El Estado existe para ejercer la violencia legítima. Si este ejercicio cesa, si el Estado se vuelve ineficiente en la aplicación del Derecho, la democracia colapsa y se produce un escenario de anarquía. En el Perú este hecho ha sido reiterativo. El Estado peruano no responde a las necesidades básicas de la población. Desbordado por su propia regulación, arrastrado por sus taras fundacionales y lastrado por la ausencia de una clase dirigente capaz y comprometida, el Estado peruano navega entre Escila y Caribdis, entre la corrupción y la anomia, entre la híper burocratización y la ausencia de planes estratégicos y realistas.
¿Por qué nos ha sucedido esto? ¿Por qué allí dónde debe ejercerse la violencia legítima para proteger a los mineros, a la población, a la sociedad y al bien común se impone, por el contrario, la voluntad personal de los carteles y de los grupos de poder? Esto sucede, entre otras razones, por una falla de origen esencial: hemos privilegiado el calco y la copia, no nos hemos tomado el tiempo de pensar qué funciona y qué no funciona en el Perú. Ciertamente, los modelos y las buenas prácticas son similares en todas partes, pero es necesaria una labor de criba, un mínimo de sentido común al aplicar modelos creados para otras realidades. Creo, sinceramente, que aquí hay un punto esencial. Se trata, en verdad, del principio de realidad. De su aplicación correcta, eficiente.
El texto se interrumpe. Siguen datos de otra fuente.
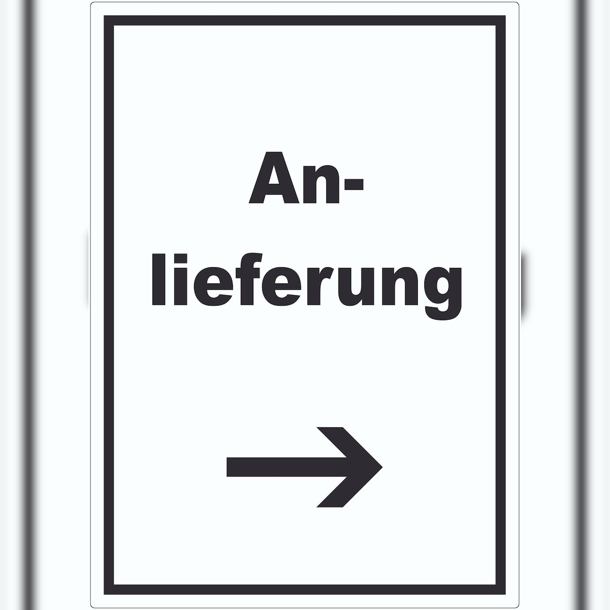 HB-Druck Anlieferung Aufkleber mit Text und Richtungspfeil rechts Annahme hochkant A5 (148x210mm)
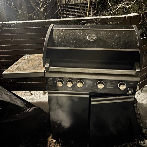Kaasugrilli, jossa useampi poltin ja sivukeitin. Grillissä on suljettava kansi sekä lämpömittari kannessa lämpötilan seuraamista varten.
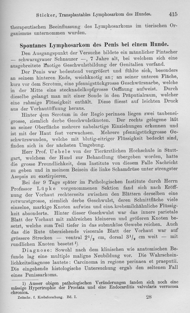 Transplantables Lymphosarkom des Hundes. Ein Beitrag zur Lehre der Krebsübertragbarkeit
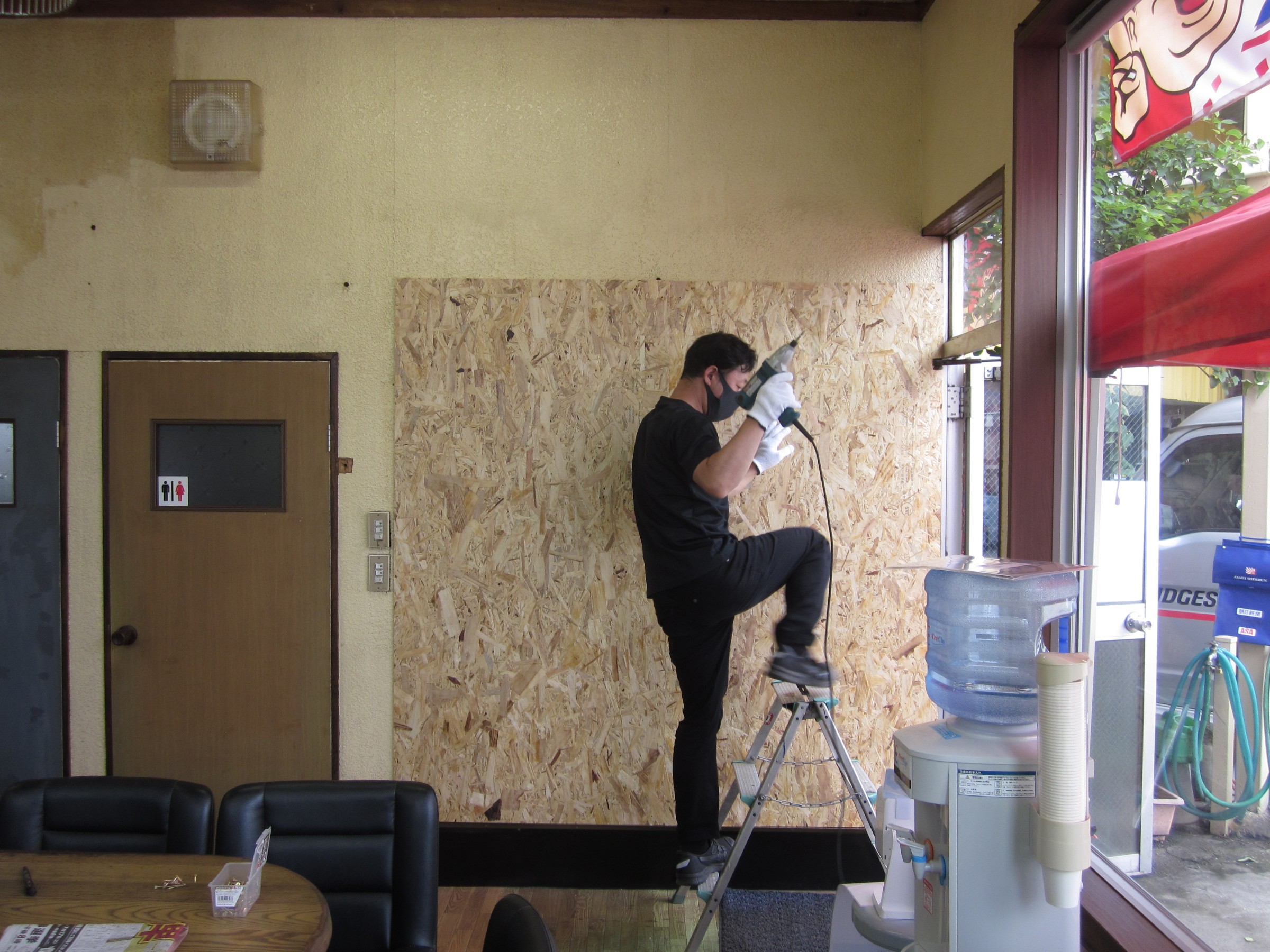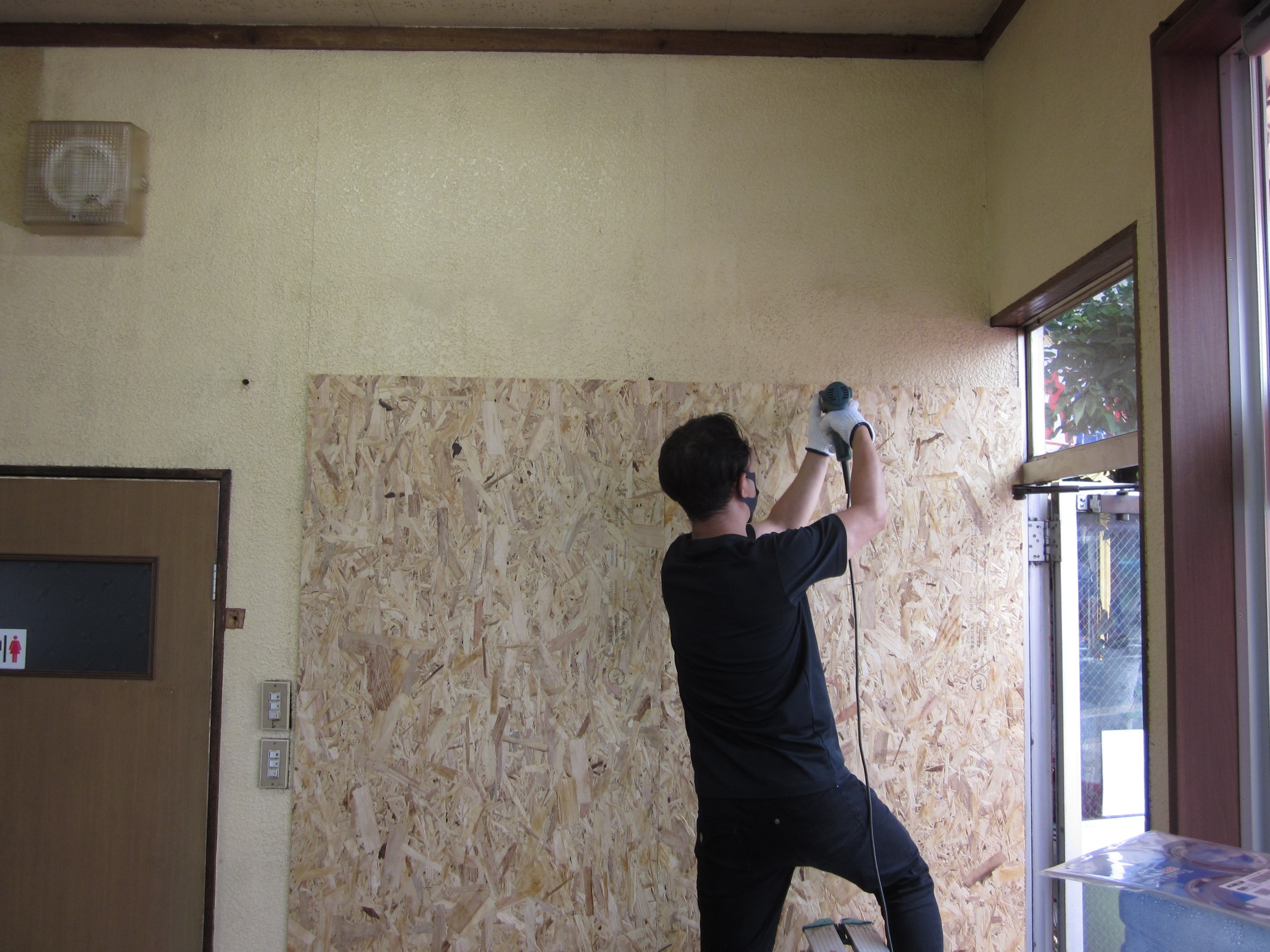 壁をOSBボードに張替え、店内の雰囲気を従来のイメージと変わった雰囲気を醸し出すよう

La realidad peruana debe ser examinada y en esta labor de introspección hemos de ser serios incluso si nos duele. Mejor aún, tenemos que hurgar en el Estado hasta que duela, para extirpar los tumores y regenerar todo lo que tenga que regenerarse.
El Estado que ejerce la violencia legítima es el Estado que sigue el principio de realidad. Un instrumento del cambio es el Estado que se hace respetar. Esto no lo podemos olvidar.